Other differences between yeast and filamentous have been described. Yeasts seems to have higher prevalence in patients with known ocular surface disorders, in those after previous ocular surgery and in long-term users of topical corticosteroids while filamentous are most often isolated from keratitis associated with ocular trauma and contact lens wear.4 In our study, we also find that yeast had a statistically significant higher prevalence in long-term users of topical corticosteroids compared to filamentous species. None of the other previously mentioned risk factors were different between yeast and filamentous groups.

The overall surgical intervention (anterior chamber injection with antifungal and/or PK) rate found, in our study, was 55.8% and from these patients only one did not undergo therapeutic PK. We also described a tendency for increased need of PK in keratitis by filamentous fungi, like in similar studies.4,8 The percentage of patients receiving corneal grafts performed in different countries, varies from 24% to 52%.14–16 Our keratoplasty rate (53.5%) was similar to that described by Galarreta et al in London.16 Eyes with fungal keratitis were reported to have an evisceration or enucleation rate of 4.26–12%.2,17 The evisceration rate in the current study was higher (27.9%, 12 of 43 eyes). When studies evaluated eyes with endophthalmitis caused by infectious keratitis the evisceration rate increased from 31% to 62.2%.18

This study also has some limitations. It provides a retrospective review of clinical data from a single centre. A small number of patients were included in this study, even though records covered a period of 10 years. Only patients with microbiological evidence of fungal keratitis were enrolled in this study while cases without such evidence were excluded, even if fungal keratitis was highly suspected. Despite such limitations, this study has an important clinical significance, as it reflects the complexity behind fungal keratitis. A lot of factors could explain those difficulties, such as late clinical presentation, uncertain timing on antifungal treatment and antifungal resistance spectrum.

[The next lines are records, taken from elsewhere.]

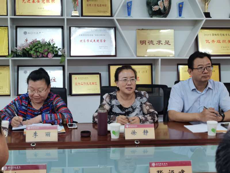 教学质量监控与评估处处长郑强总结了教育部师范专业认证的工作要求、工作流程,对迎接专家组进校前的准备及入校后的工作作出分析;教务处负责人孙洪兆就培养目标设计、毕业要求、课程体系等方面进行进一步说明;马克思主义学院院长刘振光、马克思主义学院党总支副书记赵立峰就思想政治教育师范专业认证相关工作及经验作了详细的汇报总结。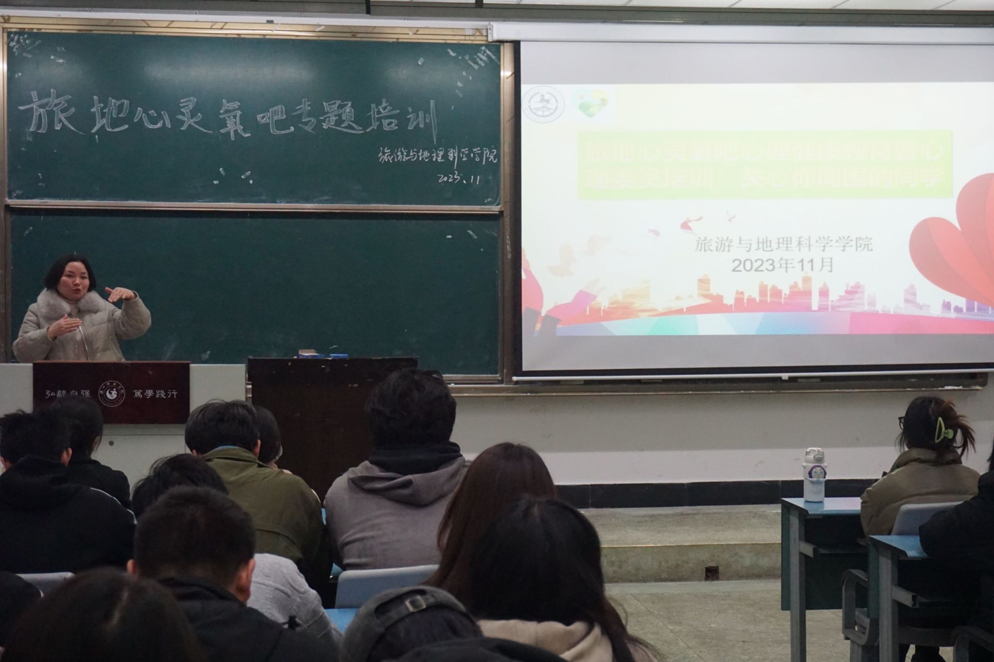 江纳引用清华大学心理学教授樊富珉的名言“只有优异的成绩,却不懂得与人交往,是一个寂寞的人;只有超人的思维,却不了解自己,是一个迷惘的人;只有过人的智商,却不懂得控制自己,是一个危险的人”,指出心理健康教育在学生健康安全、成长成才、全面发展中的重要意义。江纳通过近十年来新闻报道中关于大学生自杀及其原因的统计数据强调关心周围同学的必要性。培训中,江纳介绍了健康新概念:健康的金三角、美国人本主义心理学家马斯洛提出的“心理健康的标准”、健康通俗的“五快”和“三良好”标准、一个心理健康的人需树立的三个“意识”和需培养的五种心理能力等心理健康知识,重点探讨了心理委员和其他班干部如何关心同学们的心理状态,遇到有心理困扰的同学应如何妥善处理。
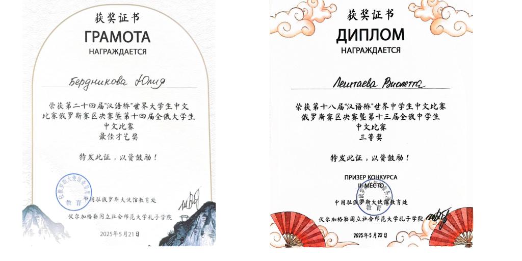 赛事成绩创下历史新高。在“汉语桥”世界大、中、小学生中文比赛俄罗斯赛区选拔赛中,孔子学院选派选手首次实现大、中、小学全学段全覆盖获奖——斩获大学生最佳才艺奖,中学生与小学生均荣获三等奖,展现出俄罗斯本土汉语教学的扎实成效与学员的综合素养。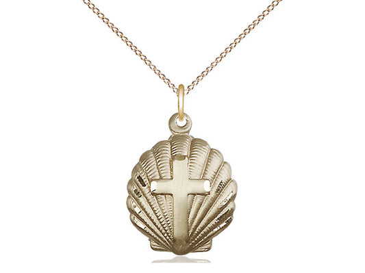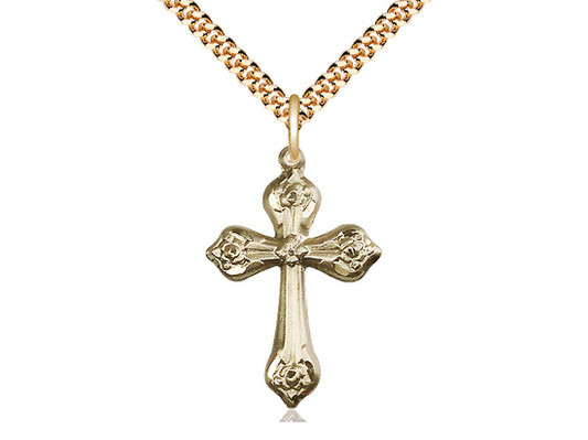 14kt Gold Filled Cross Pendant on a 18 inch Gold Filled Light Curb Chain

There is a need to continue research on aetiology and diagnostic and therapeutic management of fungal keratitis.

Conclusion

In conclusion, our results mirror how difficult and challenging the approach and treatment of fungal keratitis can be. Therefore, similar studies should be performed to formulate better diagnostic approaches and treatment strategies, and to improve a patient’s outcome.